Teknolojik Küreselleşme

Dünyanın herhangi bir ülkesindeki teknolojik gelişme zaman içinde diğer ülkeleri de etkilemekte ve yaygınlaşmaktadır. Bu yayılma hızı da giderek artmaktadır. Bu sürece teknolojik küreselleşme adı verilmektedir.

Teknolojinin küreselleşme düzeyi ile ilgili çeşitli göstergeler

• Teknolojik Yayılım oranı (Yabancı ülke Firmalarının almış olduğu patentlerin yerli Firmaların almış olduğu patentlere oranı)
• Yüksek teknoloji ürünlerinin uluslararası ticareti
• Doğrudan yabancı yatırımların giriş ve çıkış miktarları
• Lisans anlaşmalarının sayısı
• Bilimsel ve teknolojik anlaşmaların şekli ve sayısı
• Dış ülkelerce Finanse edilen AR-GE’nin derecesi
• Çokuluslu şirketlerin Firma içi ticaret miktarları

BULUŞLAR:Buhar Makinası , Televizyon , Otomobil , Vakum Tüpleri /Subaplar , Transistor , Fotokopi , Mikroişlemciler


Küreselleşme Dalgaları

1- ilki, 1870-1914 yılları arasında yani Sanayi Devriminin ardından yaşanmış olan dönemdir. Bu dönemin temel özelliği hızlı bir biçimde düşen taşımacılık maliyetleri, serbest ticaret nedeniyle büyük bir dış ticaret hacmi patlaması ve buna paralel olarak işgücü ve sermayenin önemli ölçüde hareketli hâle gelmesidir. 18. yüzyıla kadar dünya üretiminin lideri olan Hindistan gibi bazı ülkelerin geride kaldığı ancak İngiltere ve ABD gibi güçlerin ön plana çıktığı ve gelir eşitsizliklerinin arttığı bir dünya ekonomik görüntüsü ile sonlanmıştır. Birinci küreselleşme dalgasının temel özelliği mal ticaretinin oldukça belirgin ve düzenli kalıplar çerçevesinde yapılması, ekonomik sistemin ileri sanayi ülkelerinin imalata dayalı üretimine ve yine bunların az gelişmiş ülkelerden hammadde ve temel gıda ithal etmesine göre şekillenmesidir.

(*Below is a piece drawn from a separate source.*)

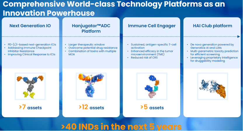 Henlius has established an integrated R&D system spanning target identification and validation, candidate design and optimization, and systematic preclinical development. This system is supported by a multi-dimensional technology platform framework, including a PD-(L)1-centred immune checkpoint inhibitor platform, immune cell engager platforms such as multi-specific T-cell engagers (TCEs), the Hanjugator™ ADC platform, and the AI-driven one-stop early discovery platform HAI Club. Together, these platforms support the efficient advancement of individual programs and contribute to the development of a differentiated and globally competitive pipeline. By enabling the translation of scientific discoveries into clinical-stage candidates, Henlius continues to advance its early-stage innovation capabilities. Looking ahead, the company expects to submit more than 40 investigational new drug (IND) applications over the next five years.

2- İkinci Dünya Savaşı’nın ardından yavaşça ortaya çıkmaya başlayan ama 1980 sonrasında güç kazanan ikinci dalga ise diğerinin aksine daha karmaşık bir yapı arz etmektedir. İlk dalgada dünya ekonomisi reel mal ve altın standardına dayalı bir işleyişe sahipken ikinci dalgada ulusal paraların değişim değerleri reel hiçbir mal tarafından desteklenmeyen bir ölçeğe bağlanmaktadır.


İktisadi Büyüme Teorilerinde Dış Ticaret, Küreselleşme ve Dışa Açı

Klâsik Büyüme Teorisi (İlki)
Dış ticaret uzmanlaşmayı sağladığı için büyümenin motorudur. Dış ticaret sayesinde üretim fazlası satılabilir. Dış ticaretin teknoloji ve bilgi transferi gibi dinamik kaynakları teoriye dahil edilmemiştir.

Neo-klasik Büyüme Teorisi

Dış ticaret üretim faktörlerinin etkin kullanımını sağlar. Dış ticaret sadece düzey etkisine sahiptir, uzun dönemli büyüme üzerinde etkisi yoktur. Uzun dönemli büyümenin belirleyicisi dışsal teknolojik değişmedir.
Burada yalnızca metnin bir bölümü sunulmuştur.